TASK BRIEF: Within the records below, repeat each line exactly but keep every picture out of the copy.

========================

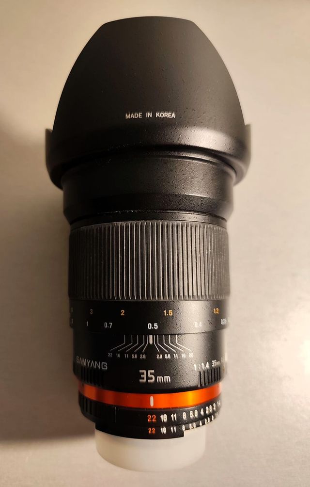 Detalles del productoSofisticado objetivo de Samyang 35mm para Nikon. El modelo 35mm f/1.4 AS UMC, se ha construido sobre 12 elementos dispuestos en grupos de 10. El objetivo incorpora dos lentes de cristal óptico con factor de alta refracción (HR), lo que reduce su peso y dimensiones. Es un objetivo gran angular, de focal fija, compacto y luminoso compatible con las cámaras réflex Nikon montura F con sensor APS-C o Full-Frame. Este objetivo gran angular es el idóneo para fotografiar paisajes, interiores, edificios, monumentos y vistas panorámicas; su alta luminosidad permite fotografiar en condiciones de poca luz.
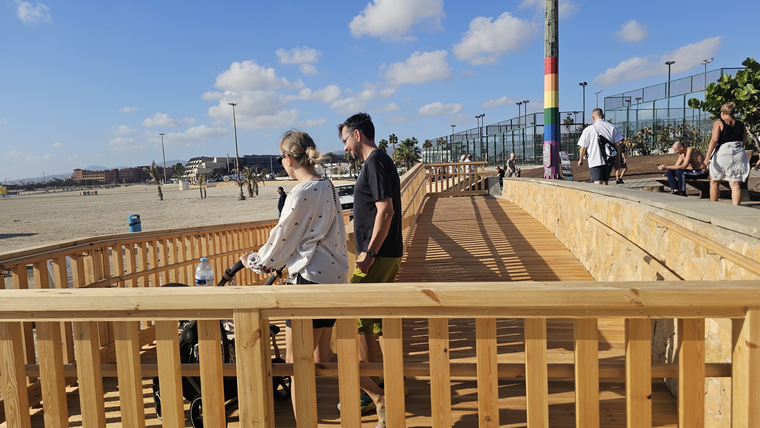 Las dos pasarelas que presenta la rampa de accesibilidad son de madera, recubiertas de una barrera de protección en sus laterales, y permiten el acceso a la zona céntrica y de mayor uso de la playa, salvando una altura de dos metros desde la acera a la arena, disponiendo hasta el momento sólo de escaleras que ahora podrán evitarse en beneficio de todos, afirma el concejal Signorino.
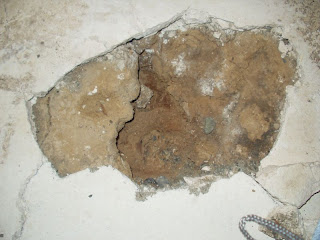 We scraped everything back out and then filled the hole with plaster - the same material that makes up the rest of the floor ...
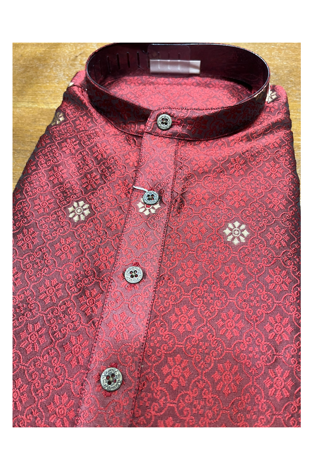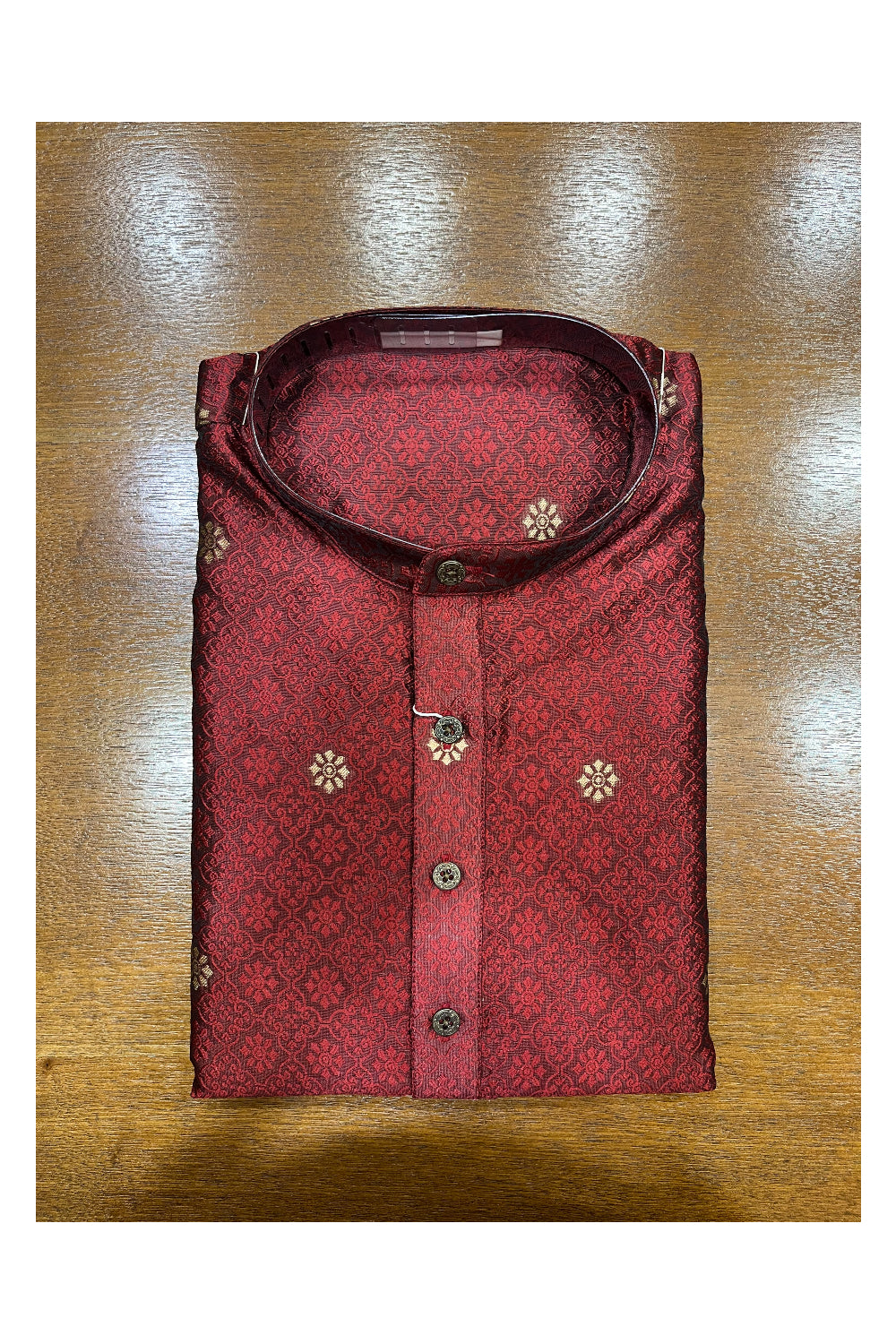 Southloom Red Woven Patterns Semi Silk Short Kurta for Men
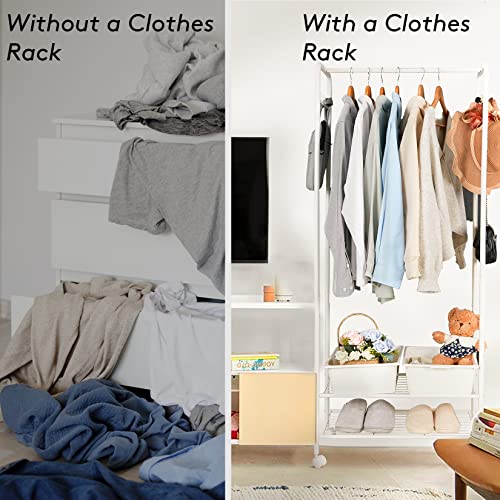 UNHO Armadio Aperto con Ruote, Porta abiti 2 Ripiani Metallo Bianco Appendiabiti da Terra Appendiabiti Scarpiera guardaroba salvaspazio ingresso camera negozio
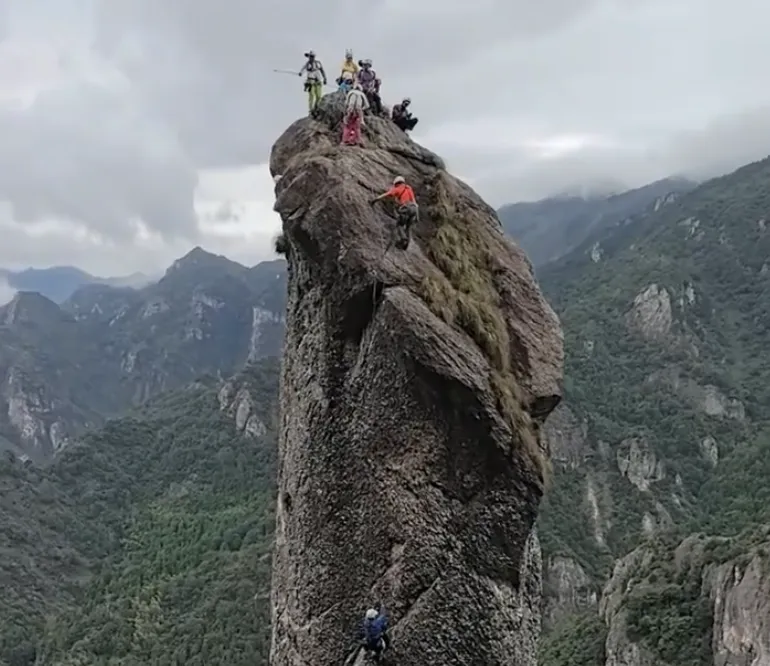 記者從視頻中看到,該峯形似一根立柱,四周巖壁幾乎垂直,直衝地面,而峯頂可供站立的平臺幾乎沒有,看上去頗爲危險。
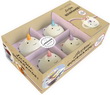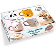Quatre tasses en forme de licorne accompagnées d'un livret contenant des recettes de mug cakes et des pages pour noter ses rendez-vous tout au long de l'année.
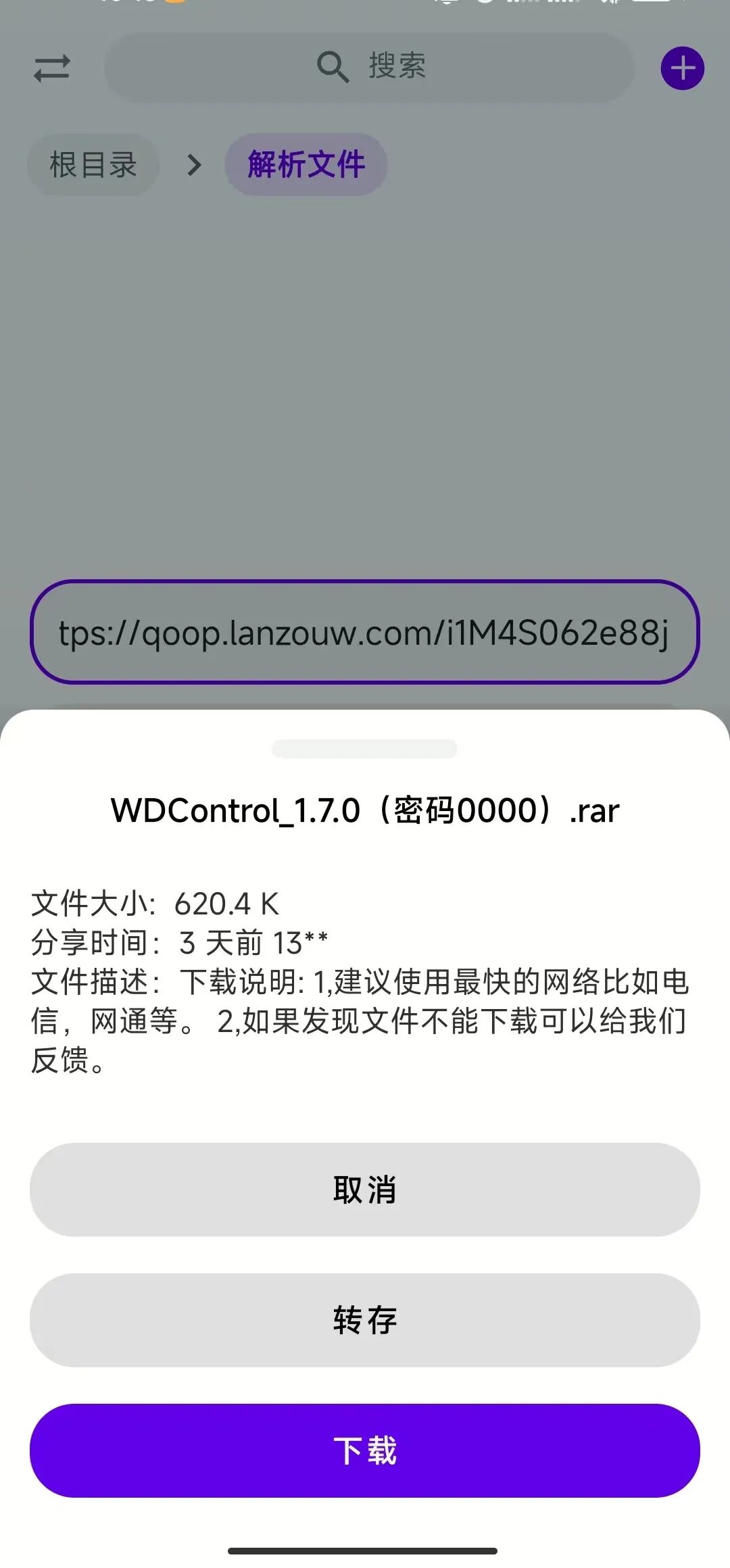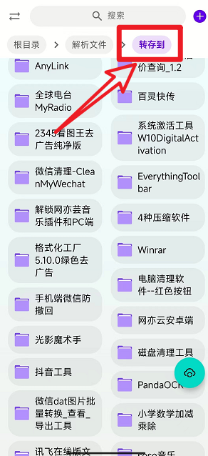 解析出来的文件支持“转存”和“下载”。尤其好用的是“转存”功能,这在官方安卓版本和网页版本都没有此功能。

========================

ANSWER FOR THIS EXERCISE:
 Detalles del productoSofisticado objetivo de Samyang 35mm para Nikon. El modelo 35mm f/1.4 AS UMC, se ha construido sobre 12 elementos dispuestos en grupos de 10. El objetivo incorpora dos lentes de cristal óptico con factor de alta refracción (HR), lo que reduce su peso y dimensiones. Es un objetivo gran angular, de focal fija, compacto y luminoso compatible con las cámaras réflex Nikon montura F con sensor APS-C o Full-Frame. Este objetivo gran angular es el idóneo para fotografiar paisajes, interiores, edificios, monumentos y vistas panorámicas; su alta luminosidad permite fotografiar en condiciones de poca luz.
 Las dos pasarelas que presenta la rampa de accesibilidad son de madera, recubiertas de una barrera de protección en sus laterales, y permiten el acceso a la zona céntrica y de mayor uso de la playa, salvando una altura de dos metros desde la acera a la arena, disponiendo hasta el momento sólo de escaleras que ahora podrán evitarse en beneficio de todos, afirma el concejal Signorino.
 We scraped everything back out and then filled the hole with plaster - the same material that makes up the rest of the floor ...
 Southloom Red Woven Patterns Semi Silk Short Kurta for Men
 UNHO Armadio Aperto con Ruote, Porta abiti 2 Ripiani Metallo Bianco Appendiabiti da Terra Appendiabiti Scarpiera guardaroba salvaspazio ingresso camera negozio
 記者從視頻中看到,該峯形似一根立柱,四周巖壁幾乎垂直,直衝地面,而峯頂可供站立的平臺幾乎沒有,看上去頗爲危險。
Quatre tasses en forme de licorne accompagnées d'un livret contenant des recettes de mug cakes et des pages pour noter ses rendez-vous tout au long de l'année.
 解析出来的文件支持“转存”和“下载”。尤其好用的是“转存”功能,这在官方安卓版本和网页版本都没有此功能。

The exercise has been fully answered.